Task to carry out: Look through the entries below for the line with "Ρυθμιζόμενο δαχτυλίδι από" and the line with "Notes: Two yucateco", then give again exactly those two lines and all lines between them, minus the pictures.

Given entries:
=== Begin Enclosure ===

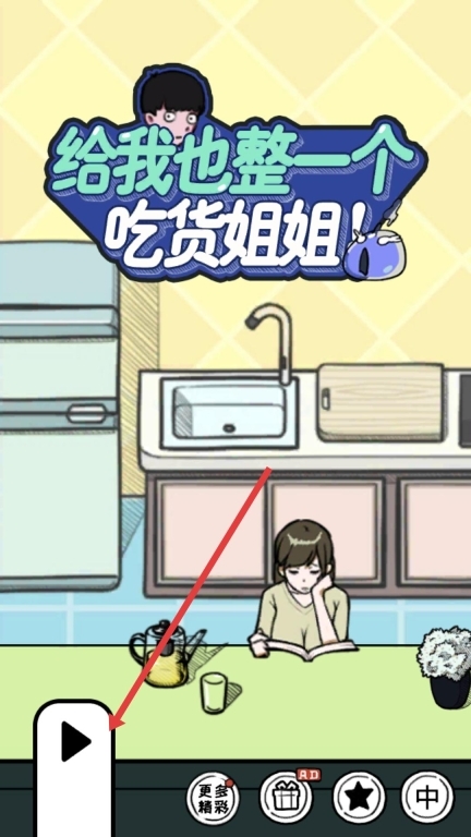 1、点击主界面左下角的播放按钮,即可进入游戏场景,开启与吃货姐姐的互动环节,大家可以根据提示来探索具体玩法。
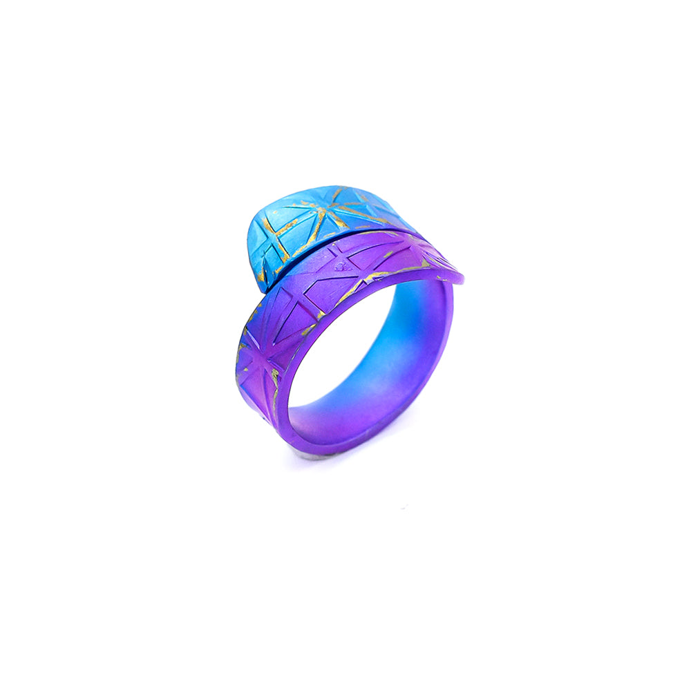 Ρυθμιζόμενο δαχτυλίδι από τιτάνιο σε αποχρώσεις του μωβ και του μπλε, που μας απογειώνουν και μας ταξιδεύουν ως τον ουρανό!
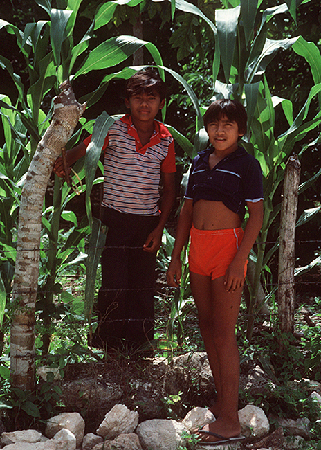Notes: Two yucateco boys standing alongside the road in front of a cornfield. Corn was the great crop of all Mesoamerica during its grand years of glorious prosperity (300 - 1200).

=== End Enclosure ===
=== Begin Enclosure ===

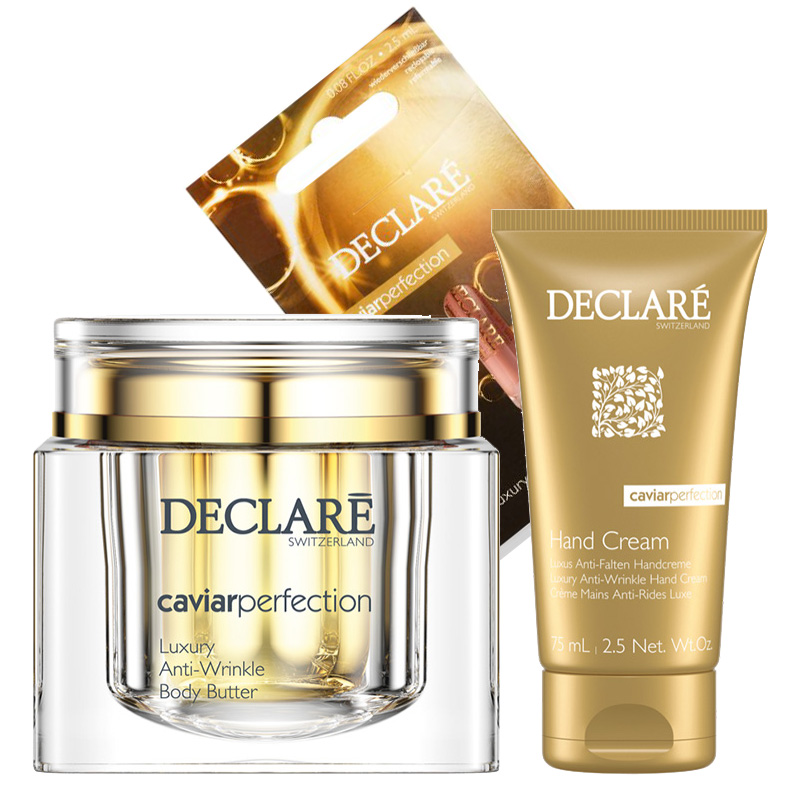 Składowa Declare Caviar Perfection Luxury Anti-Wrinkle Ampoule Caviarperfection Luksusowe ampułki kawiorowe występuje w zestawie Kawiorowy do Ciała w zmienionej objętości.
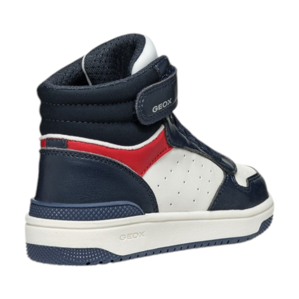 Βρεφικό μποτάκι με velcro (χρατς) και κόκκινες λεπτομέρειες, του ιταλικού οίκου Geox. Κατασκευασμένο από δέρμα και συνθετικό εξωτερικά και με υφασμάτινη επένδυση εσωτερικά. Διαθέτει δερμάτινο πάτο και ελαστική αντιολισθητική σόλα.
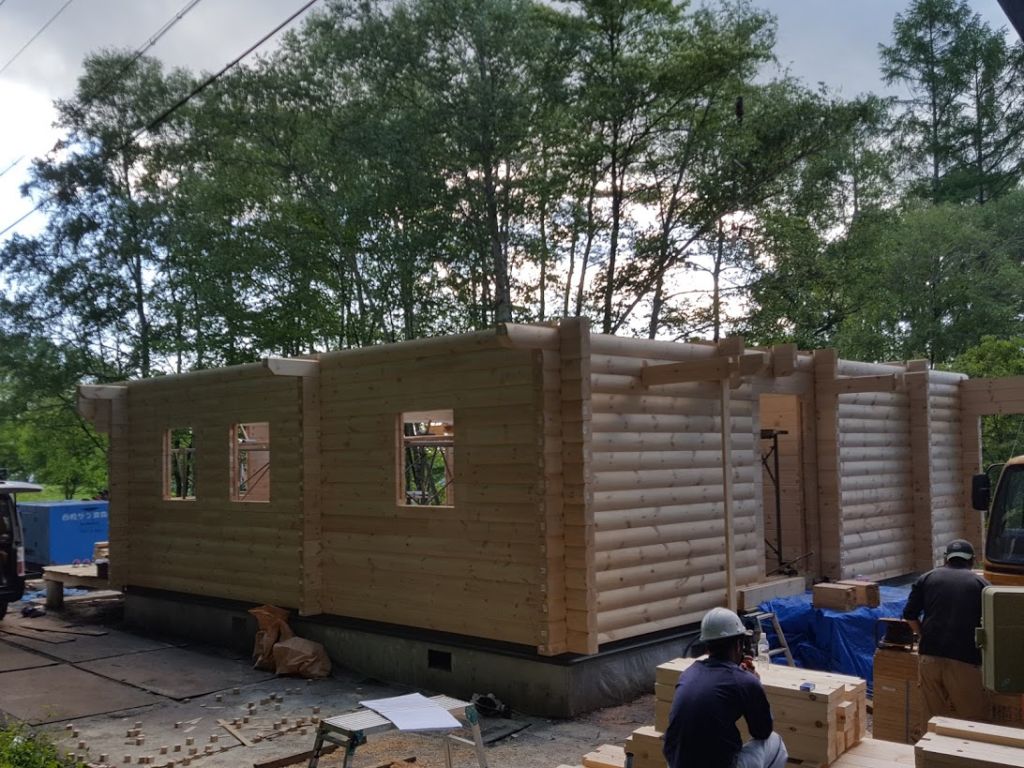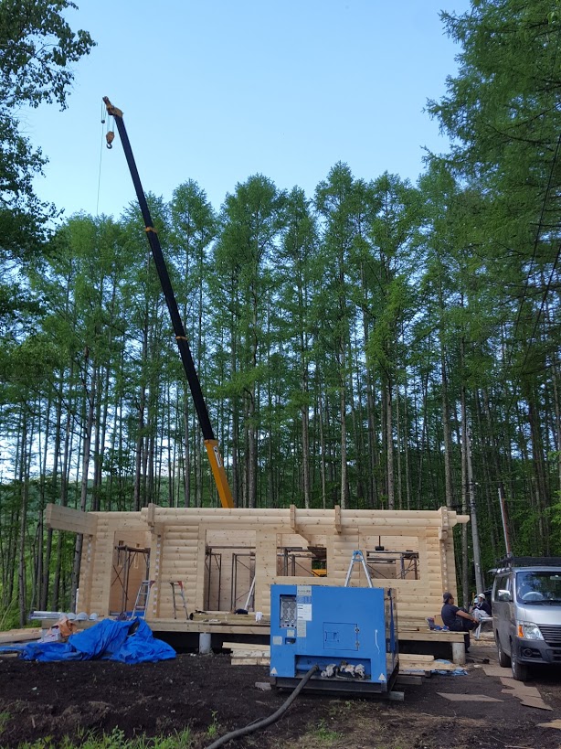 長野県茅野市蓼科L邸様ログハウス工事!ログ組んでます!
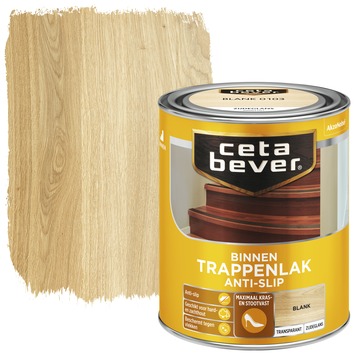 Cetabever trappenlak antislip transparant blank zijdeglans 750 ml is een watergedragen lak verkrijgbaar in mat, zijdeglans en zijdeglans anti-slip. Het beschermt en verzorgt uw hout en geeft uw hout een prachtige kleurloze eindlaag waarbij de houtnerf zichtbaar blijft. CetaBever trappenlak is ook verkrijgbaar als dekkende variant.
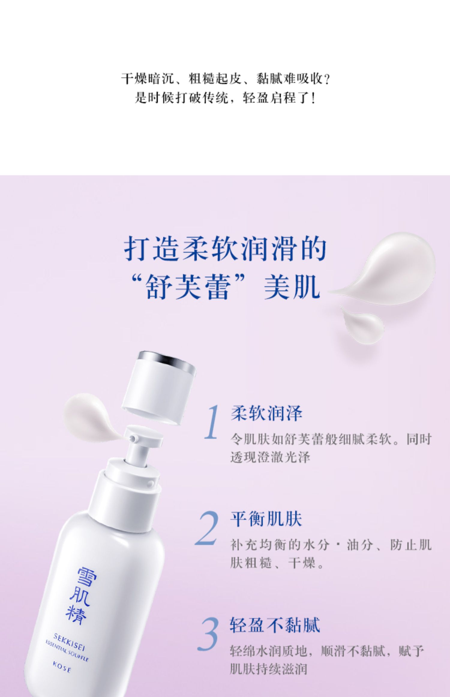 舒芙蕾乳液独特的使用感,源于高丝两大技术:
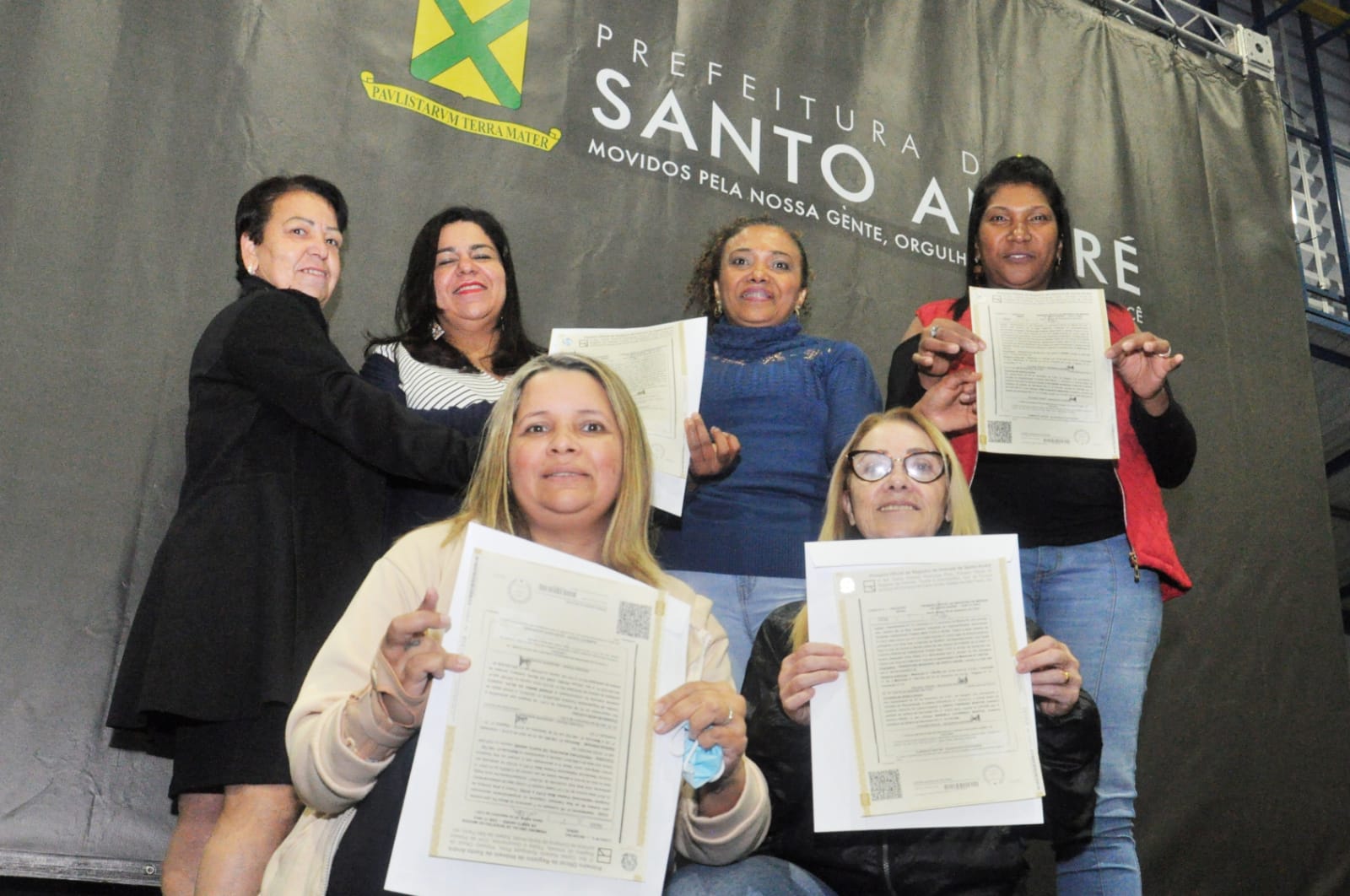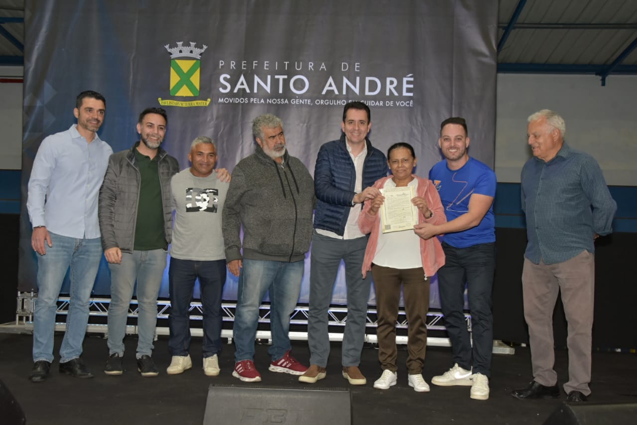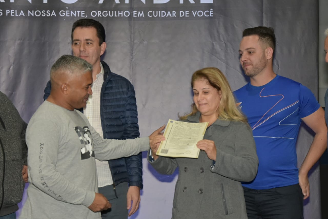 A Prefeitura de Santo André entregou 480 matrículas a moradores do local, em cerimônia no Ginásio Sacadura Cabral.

=== End Enclosure ===
=== Begin Enclosure ===

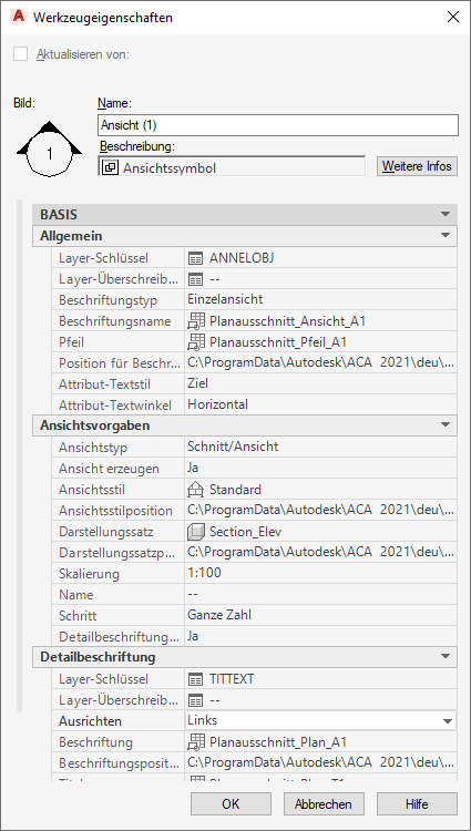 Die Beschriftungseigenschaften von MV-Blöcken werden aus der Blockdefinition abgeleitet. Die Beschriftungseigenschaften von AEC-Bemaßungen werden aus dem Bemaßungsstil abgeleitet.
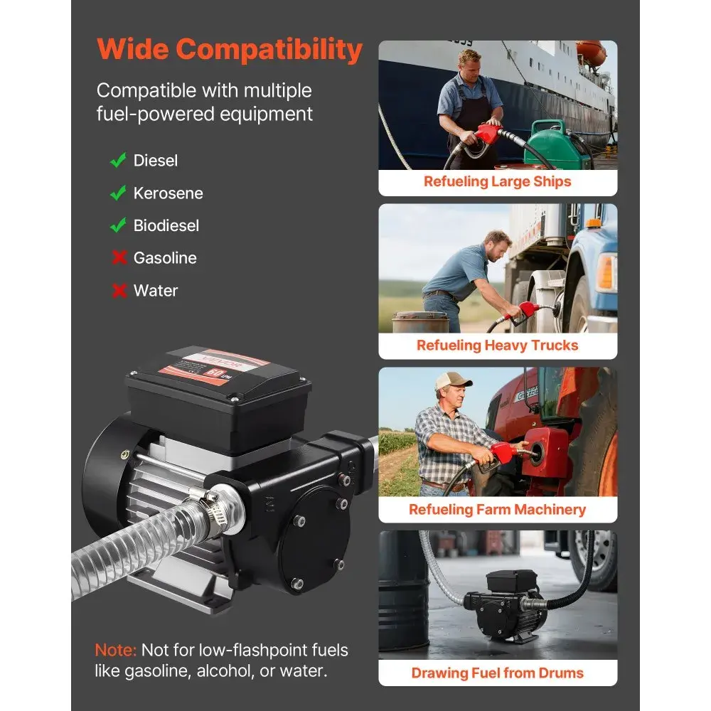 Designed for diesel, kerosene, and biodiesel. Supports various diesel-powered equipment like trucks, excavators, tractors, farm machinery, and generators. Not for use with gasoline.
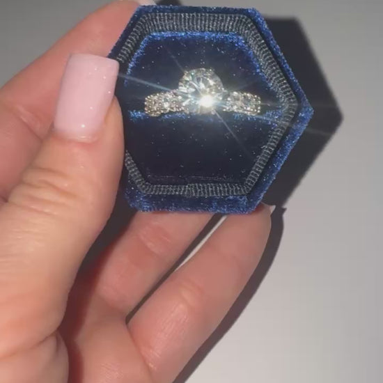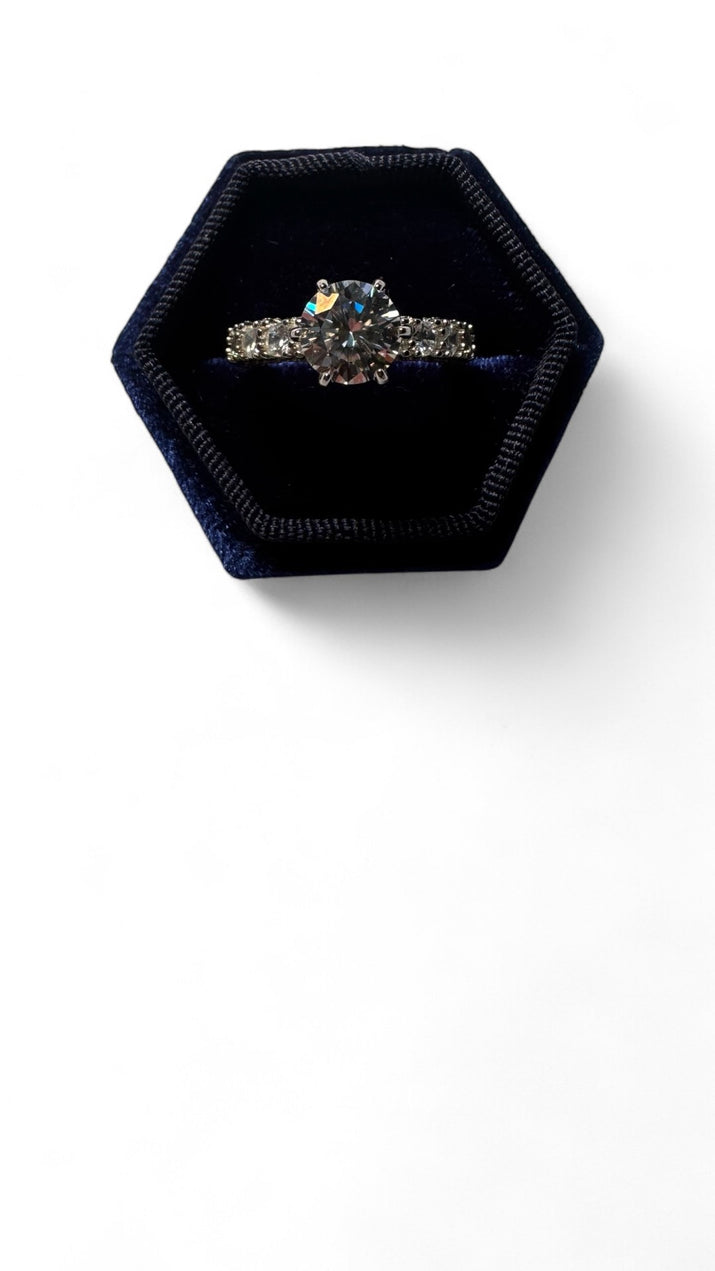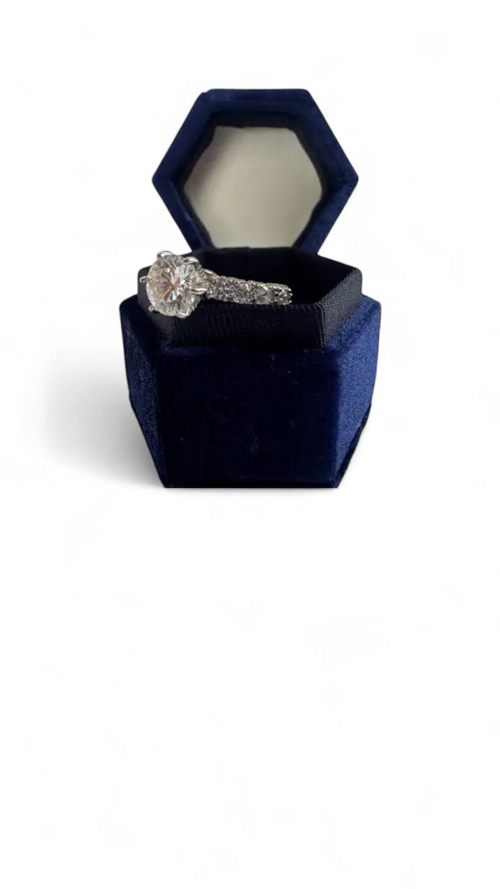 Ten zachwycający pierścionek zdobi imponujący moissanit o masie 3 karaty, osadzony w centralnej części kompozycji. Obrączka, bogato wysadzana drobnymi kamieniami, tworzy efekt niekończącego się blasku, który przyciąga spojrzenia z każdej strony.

=== End Enclosure ===

Finished exercise:
 Ρυθμιζόμενο δαχτυλίδι από τιτάνιο σε αποχρώσεις του μωβ και του μπλε, που μας απογειώνουν και μας ταξιδεύουν ως τον ουρανό!
Notes: Two yucateco boys standing alongside the road in front of a cornfield. Corn was the great crop of all Mesoamerica during its grand years of glorious prosperity (300 - 1200).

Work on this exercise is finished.